SM35581SM2019: Homework 6, ex1 and Notebook 6

I am currently attempting to tackle exercise 1 of homework 6 and have several questions in its regard and on the first part of notebook 6.
Please excuse me if some of these might be trivial.

1. We're assuming that the values we're trying to fit are the numbers of deads for each population group, which we assumed to be distributed as a Poisson, therefore the dataset contains a total of 35 total observations. Is this assumption correct? I'm asking because, if this is the case, the dataset consists solely of single observations for each subgroup, which makes me fear may raise complications when performing the train-test split.

2. I'm not sure on how to treat the cathegorical covariates when expressing their relation with the poisson's mean: i'm assuming that just using their integer representation in the linear combination of the exponent would be a bad idea, as it would introduce a sequentiality which is not necessarily implied by the correspondent label (even if, perhaps, still reasonable when representing the age buckets). Is this a legit concern?

3. Assuming the answer to the previous is "yes", i'd use the following representation:
    - The "age" buckets use a one-hot representation. Each component has its own weight in the sum (9 buckets, therefore 9 separate weights)
    - The "smoking habits" cathegories uses two binary variables (i.e. "smokes cigarettes" and "smokes cigars and pipes"), thus mapping to two terms in the linear combination with separate weights.
    Would such representation be correct or am I over-complicating the matter?
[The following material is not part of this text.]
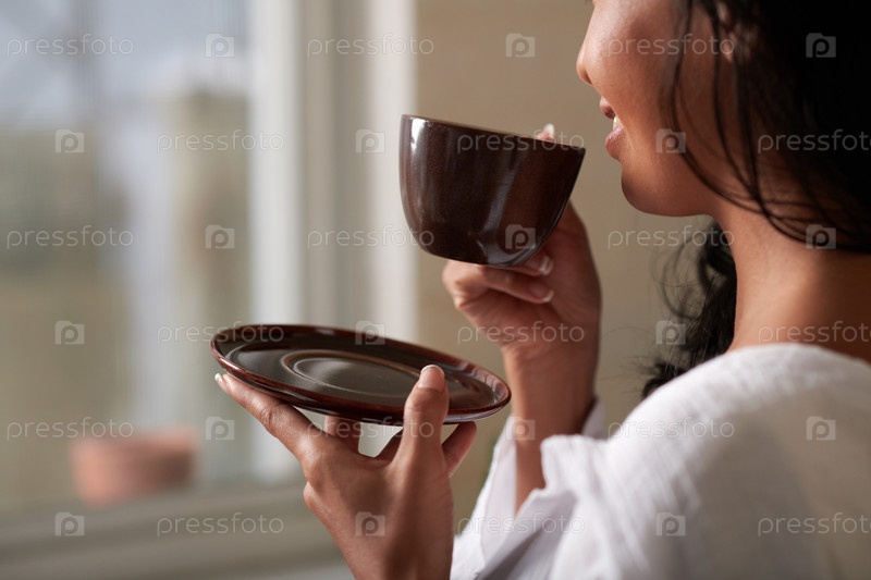 Женщина пьет кофе

4. Should we introduce an additional gaussian noise on top of the Poisson? If not, why?

5. I'd assume a standard prior for all the weights and the bias in both the model and the guide since I see no particular reason to prefer other distributions. Am I missing something there?

6. Related to the previous, is there any particular reason for which, in notebook 6, a LogNormal was chosen for the bias term (other than making the posterior analitically untractable)? And why would one chose a different distribution for the weights in the guide? And, why the (multivariate, i suppose?) Gamma in that specific case?

7. Still about notebook 6, why were the hyper-hyper-parameters w_loc, w_scale, b_loc and b_scale initialised using `torch.rand()` instead of sampling a uniform distribution in (0,1)?

Excuse me for the torrent of questions, I would much appreciate your guidance on these doubts.